The almanac was from the year before the killing. Lincoln's thumb kept that hidden. Whether the anecdote is true or not is less important than what it illustrates.
And, that's why Bill Nye approached this incorrectly. Ken Ham's sidestepping showed that, contra Isaiah's "Come, let us reason together," he was prepared to do no such thing. Nor are most creationists, even ones in better command of their rhetoric than Ham. 

Anyway, this ain't new. Some 75 years or so ago, astronomers debated whether or not to get on the same stage as Immanuel Velikovsky. Most said no, but a few, like Harlow Shapley, did, and in the uncritical public's eye, they generally "lost."

I respect the opinion of some humanists, whether secular or not, and certainly of atheists, to go ahead and participate in such social exercises, since I'm still only calling them "debates" in scare quotes. Not for me. Per the Facebook thread, I would suggest that many young guns from today's atheist world read up more on the Velikovsky issue first. They'll realize that those who did debate him gained nothing then. 
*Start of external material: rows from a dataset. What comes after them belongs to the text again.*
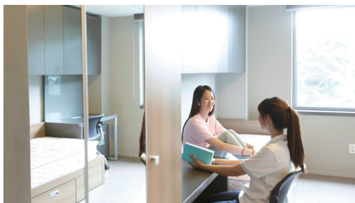
宿舍内部(二馆二人间)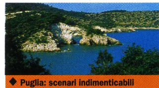
◆ Puglia: scenari indimenticabili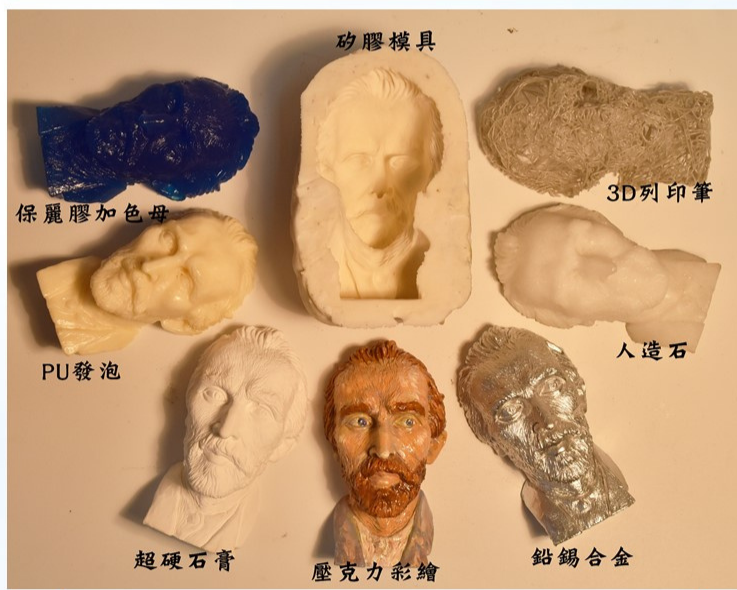
教師展示利用砂膠模，翻製出各式材質作品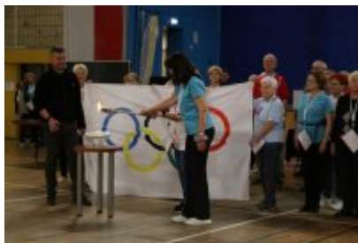
III Czeladzka Olimpiada Seniorów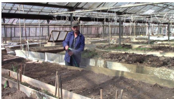
Rolnictwo społeczne na Słowacji.

Wsparcie zatrudnienia obywateli niepełnosprawnych: a) Ustawa nr 311/2001 Dz. Kodeks pracy, b) Ustawa nr 5/2004 Coll. o służbach zatrudnienia. Urząd Pracy, Spraw Socjalnych i Rodziny prowadzi specjalne rejestry osób ubiegających się o pracę, które są niepełnosprawnymi obywatelami oraz osób poszukujących pracy, które są niepełnosprawnymi obywatelami. Specjalne rejestry zawierają również dane dotyczące spadku zdolności do wykonywania pracy zarobkowej, a także dane dotyczące przyczyny prawnej, na podstawie której zostali uznani za obywateli niepełnosprawnych. Do obowiązków prawnych pracodawcy we wspomnianym zakresie należy w szczególności obowiązek zapewnienia zatrudnianym przez siebie obywatelom niepełnosprawnym odpowiednich warunków wykonywania pracy, obowiązek zapewnienia obywatelom niepełnosprawnym szkoleń i przygotowania zawodowego do pracy oraz zwracania szczególnej uwagi na podnoszenie ich kwalifikacji w trakcie zatrudnienia, a także obowiązek prowadzenia ewidencji obywateli niepełnosprawnych. Inne składki dla pracodawcy zatrudniającego obywateli niepełnosprawnych to składka na utrzymanie zatrudnienia obywatela niepełnosprawnego, składka na pokrycie kosztów operacyjnych zakładu pracy chronionej lub zakładu pracy chronionej oraz na pokrycie kosztów transportu pracowników, składka na wsparcie zatrudnienia osoby poszukującej pracy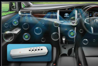
เครื่องฟอกอากาศในรถยนต์ (แบบปล่อยประจุ)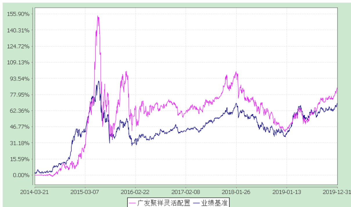
份额累计净值增长率与业绩比较基准收益率的历史走势对比图 (2014 年 3 月 21 日至 2019 年 12 月 31 日)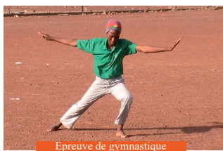
Epreuve de gymnastique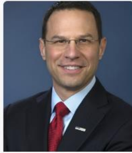
Josh Shapiro Pennsylvania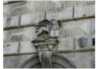
Markuslöwe an einer Hausfassade am Marktplatz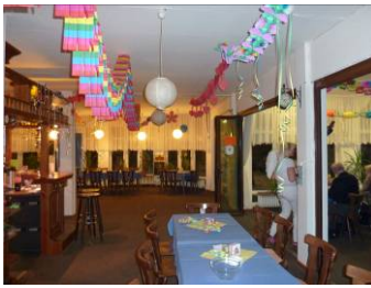
Vor dem Ansturm!?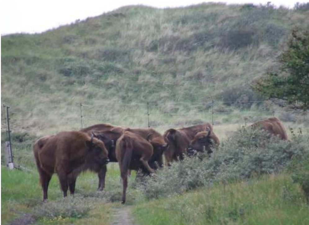
Foto 8 Drie poetsende wisenten op een rijtje (L. Veldhoen, 27-08-08) Leer van de wisenten: Lenig blijf je door je regelmatig goed te poetsen.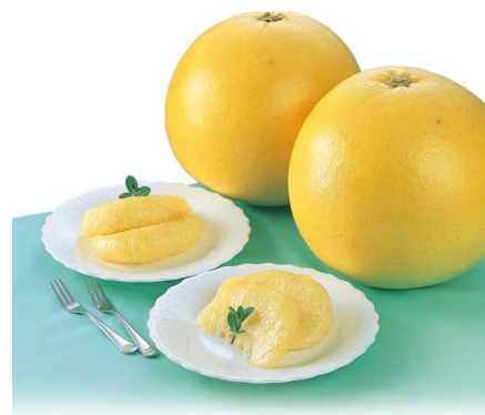
晩白柚 (ばんぺいゆ)

熊本県で栽培されているいぐさは全国の約9割を占め、そのほとんどが八代地域で栽培されています。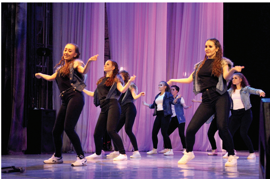
Танцевальный коллектив «Каприз»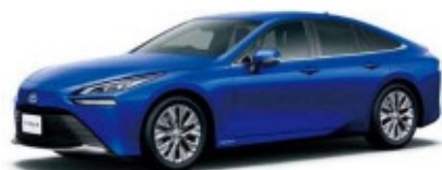
トヨタ自動車豊田市元町工場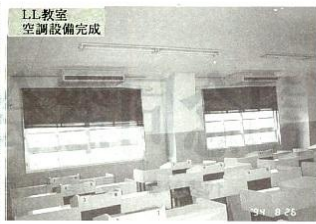
LL教室 空調設備完成

設置された視聴覚教室が、平成5年11月に視聴覚教室が設置され、授業をはじめ諸行事や生徒会活動・部活動に活用され、各週平均24時間の使用頻度となり、他の府立高校の視聴覚教室の利用実態と比べて、最も頻りに利用されている学校であると思われまふ。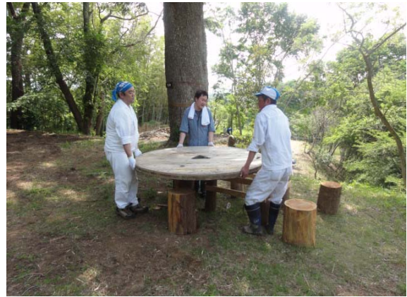
テーブル・イス設置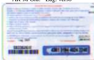
AR-M Lug. retro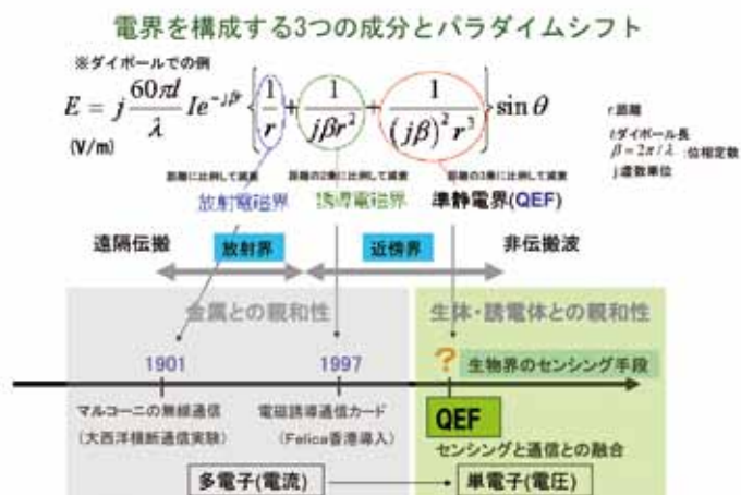
準静電界と他の電磁界との違い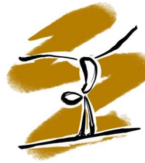
Turnen TSV Stadtlauringen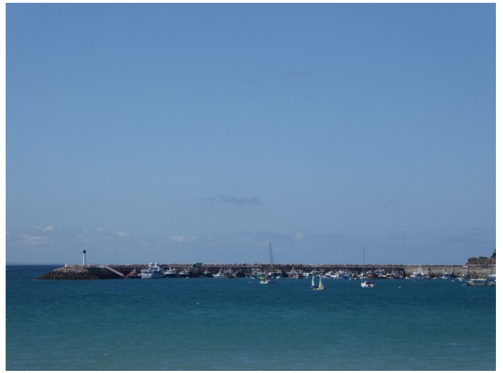
Deretter kjørte vi forbi Erquy . Tok noen bilder.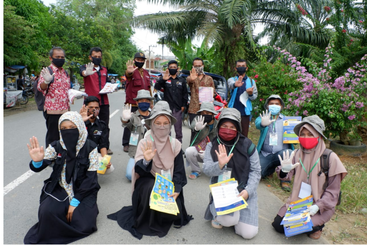
Mahasiswa KKN Universitas Malikussaleh Kelompok 85 bergabung dengan Gerakan Bersama Melawan Covid-19 Kabupaten Aceh Tamiang.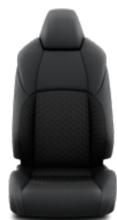
FB21 Látkové čalúnenie Pre výbavu Comfort, paket Tech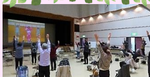
R3年度 わいわいサロン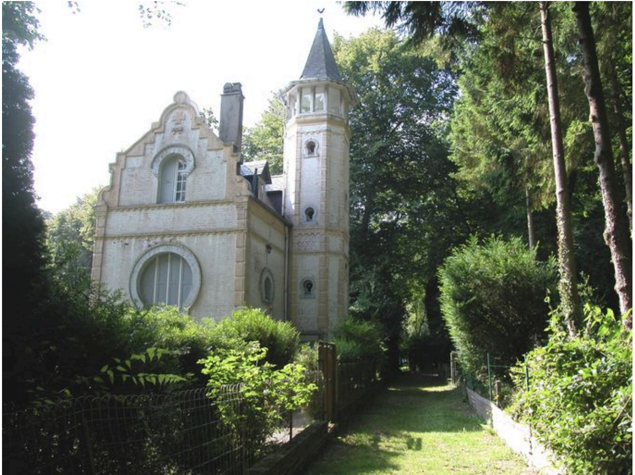
Vue d'ensemble depuis l'allée Marie.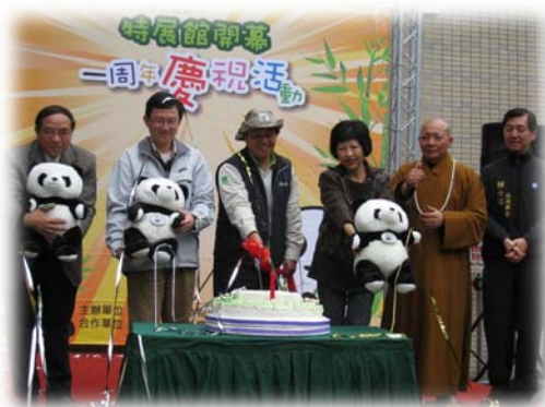
台北市立動物園團圓圓來台一週年與會嘉賓切蛋糕合影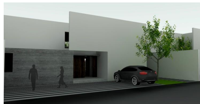
Proyecto La Fuente II (2017) 11 casas. La Fuente 1400, Las Condes.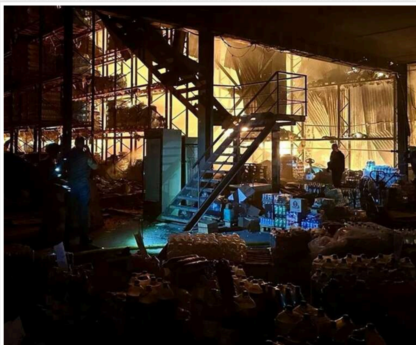
Росія вдарила балістикою по Дніпру: понівечено продуктивні склади, кількість постраждалих зросла до п'яти

У ніч з вівторка на середу, 20 травня, російські війська вкотре обстріляли Дніпро. Окупанти завдали удару балістичною ракетою, внаслідок чого пролунав потужний вибух. Наразі є дані про щонайменше п'ятьох постраждалих.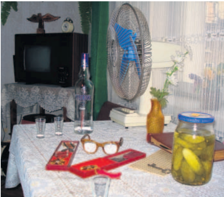
Näillä eväillä pärjää. Kotivarana Wyborowa-vodkaa ja suolakurkkuja.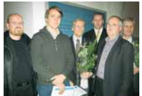
8, 9 Ehdotuksen "Kiviset ja Soraset" tekijä on VVO Rakennuttaja Oy pääsuunnittelijanaan Arkkitehtitoimisto A-Konsultit Oy: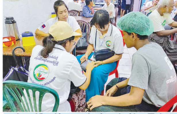
ပုဇွန်တောင်မြို့နယ်၌ ၂၀၂၄ ခုနှစ် လူဦးရေနှင့် အိမ်အကြောင်းအရာ သန်းခေါင်စာရင်းကောက်ယူစဉ်။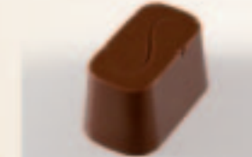
35 S-Melk Praliné met gepofte rijst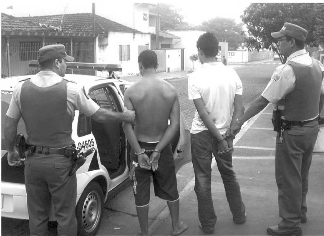
Polícia de Macatuba prende acusados de tentativa de roubo no Jardim América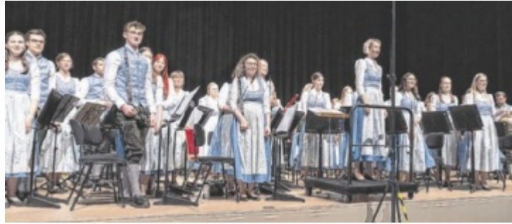
Stark wie nie: Die Trachtenkapelle Thalheim freute sich über 92,83 Punkte in der Wertungsstufe C.

Jeweils drei Stücke wurden von den Orchestern vorgetragen. Der Schwierigkeitsgrad der Stücke stieg mit der Leistungsstufe, die die Musikkapellen selbst wählten (von B bis E). Mit der höchsten Punktezahl wurde die Darbietung der Trachtenmusikkapelle Bad Wimsbach-Neydharting bewertet. 97,33 Punkte

Another big issue for being wary about entering to such "debates" in general is financial. Besides Nye raising Ham's visibility, this makes an easy fundraising pitch. "I'm under attack by godless scientists and I need your support" before the debate, followed by "I won, help me spread the message" afterward.

As for the claims that "even Pat Robertson" is attacking Ham now? Well, different fundamentalist and conservative evangelical ministers have gone hammer and tongs for years. It's no proof that Ham lost, or "lost," among his own crowd.

As for a poll on Christianity Today that said 92 percent felt he did lose? It's an Internet poll that got stuffed. Liberal Xns, let alone atheists, who think that poll reflects actual preferences are part of the problem, not part of the solution. 

As for a BuzzFeed post making the rounds with questions from creationists, at the Ham museum, writing questions on pads for Nye? At least some of them could be atheists running a Poe for all you and I know. 

If they really are creationists, a few are flat-out stupid, like the "sunset" one at No. 5. Others, like the "second law of thermodynamics," have been asked and answered for what, a century now, on closed vs open systems. Only a couple are new, and also intelligent, like No. 3 on using logic on the Omphalos theory. (It's logically valid, if properly written as an argument, which shows the difference between logical reasoning and empirical fact-finding.)